──────── Provided information
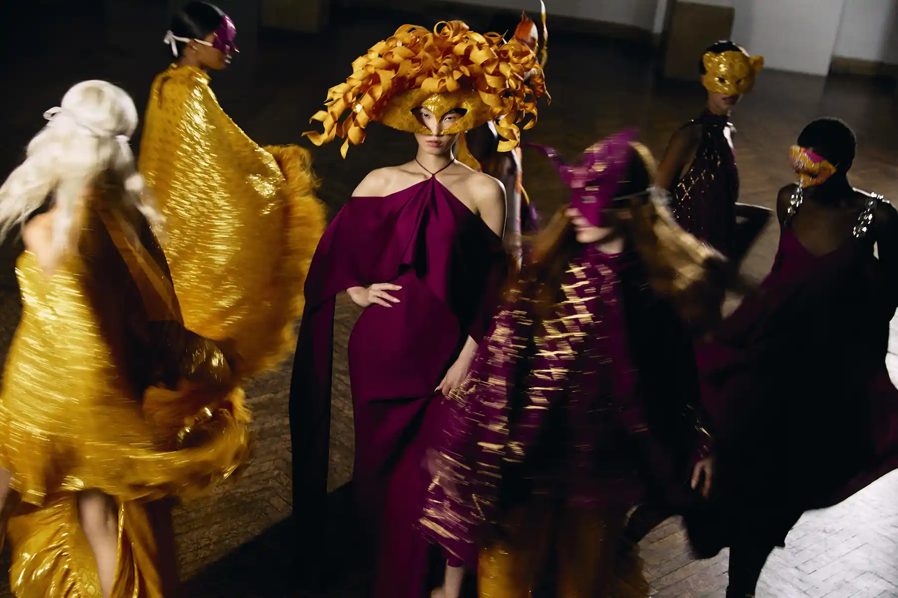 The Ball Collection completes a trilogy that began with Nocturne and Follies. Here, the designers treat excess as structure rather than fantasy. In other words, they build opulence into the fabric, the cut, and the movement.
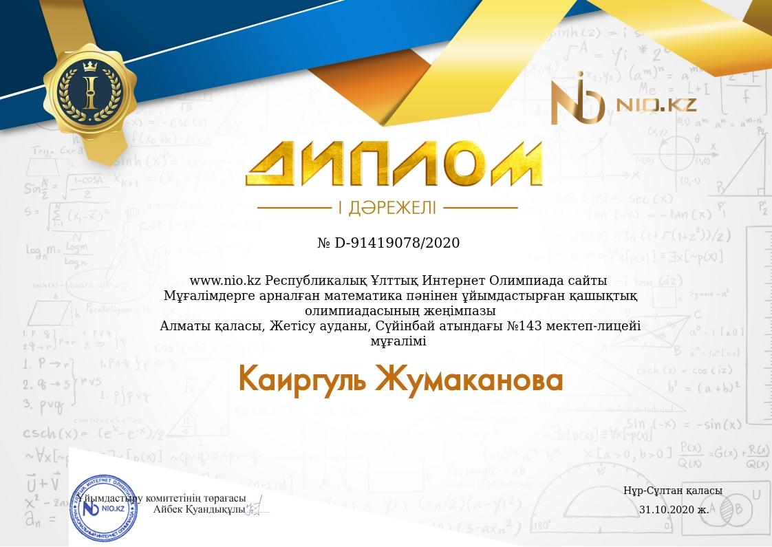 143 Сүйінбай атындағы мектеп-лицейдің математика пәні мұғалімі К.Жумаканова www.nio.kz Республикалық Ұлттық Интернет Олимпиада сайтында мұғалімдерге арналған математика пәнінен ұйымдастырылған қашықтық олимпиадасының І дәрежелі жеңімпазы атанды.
────────────────
──────── Provided information
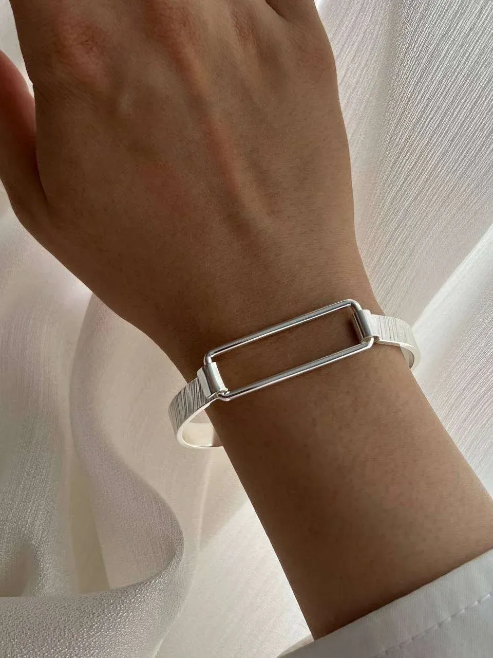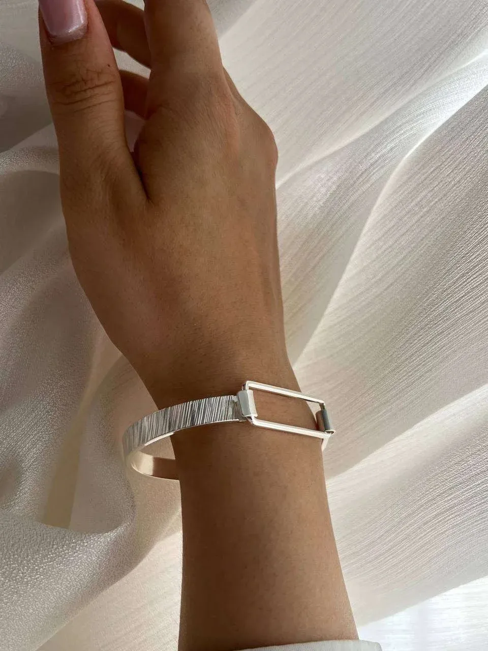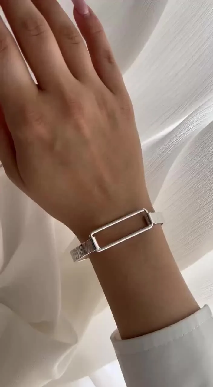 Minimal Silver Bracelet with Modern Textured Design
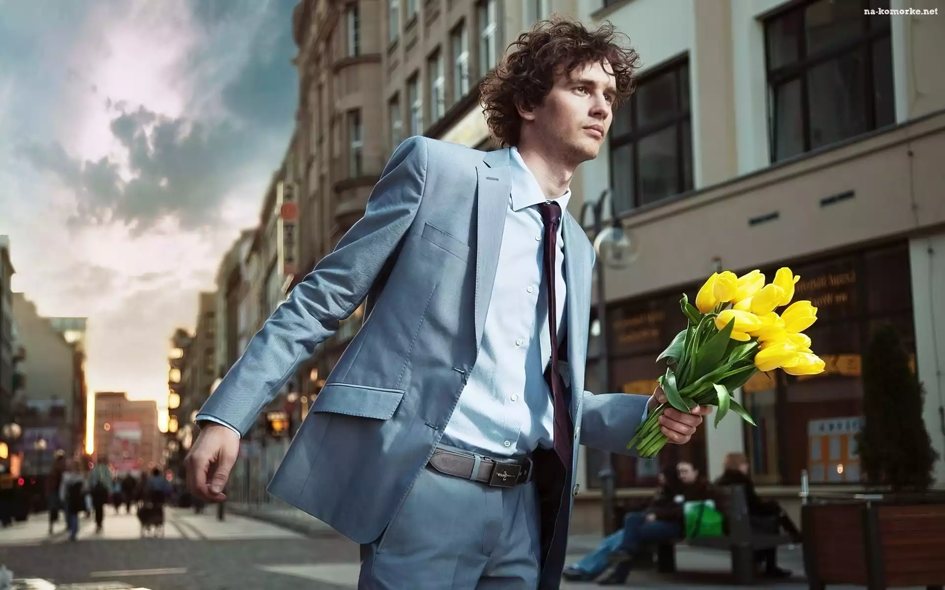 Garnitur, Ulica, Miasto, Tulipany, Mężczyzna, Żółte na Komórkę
────────────────
▶ [What the task asks]:
Excerpt from the records above: set down only the lines from the one that contains "Minimal Silver Bracelet" through the one that contains "Garnitur, Ulica, Miasto, Tulipany, Mężczyzna, Żółte", inclusive, word for word. Pictures stay out.

▶ [Written response]:
 Minimal Silver Bracelet with Modern Textured Design
 Garnitur, Ulica, Miasto, Tulipany, Mężczyzna, Żółte na Komórkę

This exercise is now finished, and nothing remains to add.